As it turns out, most programming languages are not regular languages, as we will see at the end of this section.

A non regular language

We will look at a simple example of a language that isn't regular. The language contains only the characters X and Y, and consists of all the strings that consist of n Xs followed by n Ys, where n is any integer. Examples of valid strings are:

XY or XXYY or XXXYYY etc

Invalid strings include:

XXY or XXYYY

because the number of Xs and Ys are not equal. There are lots of other invalid strings, of course.

The state machine

Here is our state machine. For clarity we have excluded all the error paths and just show the correct paths through the machine:

Here is how it works for the string XY:

  • Starting in state 1
  • X moves us to state 2
  • Y moves us to state 9, which is the valid end state

Here is how it works for the string XXYY:

  • Starting in state 1
  • X moves us to state 2
  • X moves us to state 3
  • Y moves us to state 8
  • Y moves us to state 9, which is the valid end state

It should be clear how this works for other strings. Each X takes us one step further to the right, along the top row. We then need exactly the same number of Y characters to get us back to the valid end state, 9.

The problem

Here is the problem. The state machine shown for only works for 4 or less incoming X characters.

Of course, we could easily add extra states to allow us to handle 5 Xs. Or 10. Or 100.

But however many states you add, someone could come along with a string that was too long and the state machine would fail. To be capable of handling a string of any length you would need a state machine with an infinite number of states.

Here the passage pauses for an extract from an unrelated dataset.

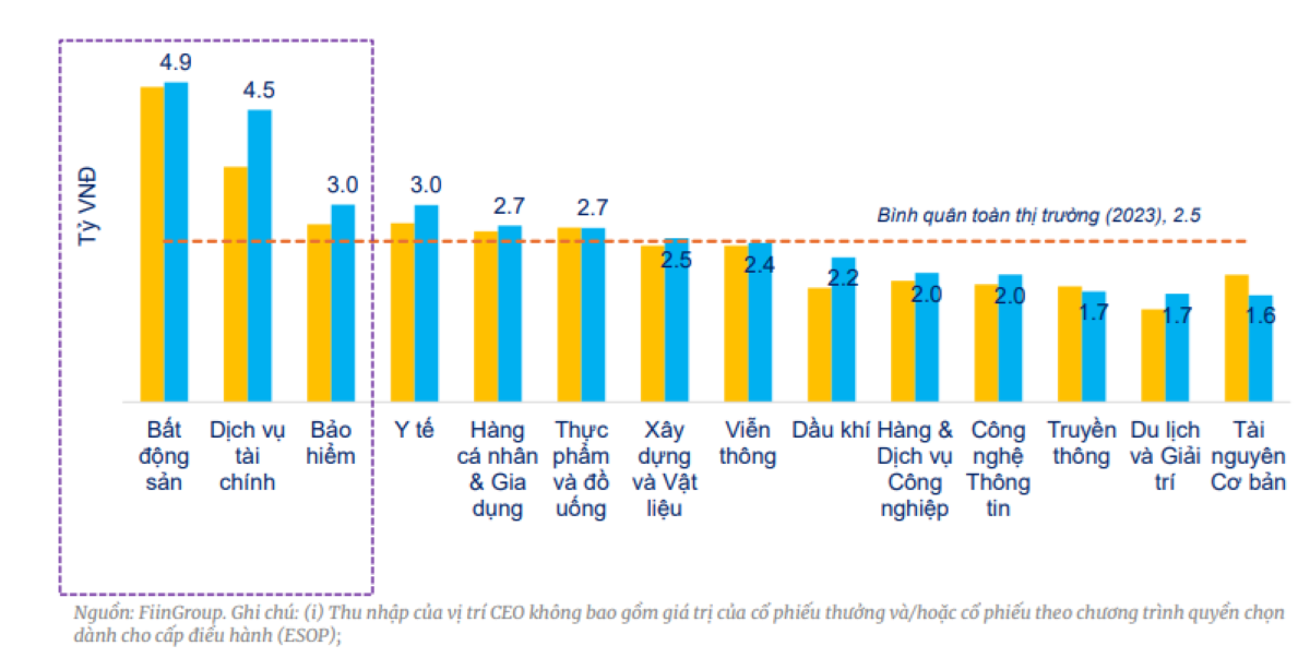 Theo báo cáo của FiinGroup, thu nhập của CEO: Thu nhập bình quân ở mức 2,5 tỷ đồng/năm/người trong năm 2023. Trong đó, bất động sản, dịch vụ tài chính (chủ yếu là công ty chứng khoán), và bảo hiểm là Top 3 ngành có thu nhập bình quân của CEO cao nhất, vượt trội so với mức bình quân của thị trường.

But we are dealing with finite state machines, which by definition cannot have an infinite number of states (the clue's in the name). A finite state machine cannot handle this particular language.

What does this mean?

Just because this languages isn't regular doesn't mean a computer can't parse it, of course. It is a very simple language - it would clearly be possible to write a program to check a string to see whether it was valid or not. You just need to count the number of Xs and then count the number of Ys, and check if they are the same.

But you can't use a finite state machine to do that, so our simple language isn't regular.

We can't apply some other methods of parsing that only apply to regular languages.

Programming languages

Are programming languages like Python or Java regular? Well it turns out most of them are not.

A simple way to see that is to look at a basic maths expression:

x = a * (b + c * (d + e * (f + g)))

This expression uses brackets. Brackets can be nested, as shown. One of the things that has to be true of any valid expression is that each opening bracket must be matched by a closing bracket.

Can a state machine do this? well we already know that it can't. Even if we ignore all the other parts of the expression, the very least we need to do is check a string like this:

((()))

for any number of brackets. That is exactly the same problem as we looked at before for strings like XXXYYY, so we know a finite state machine can't parse a mathematical expression, so any language that allows nested brackets can't be regular.

If fact you get a similar problem with other types of nesting. Nested if statements, nested for loops, nested function definitions, nested classes - any language that supports those things (and most langauges do) cannot be a regular language.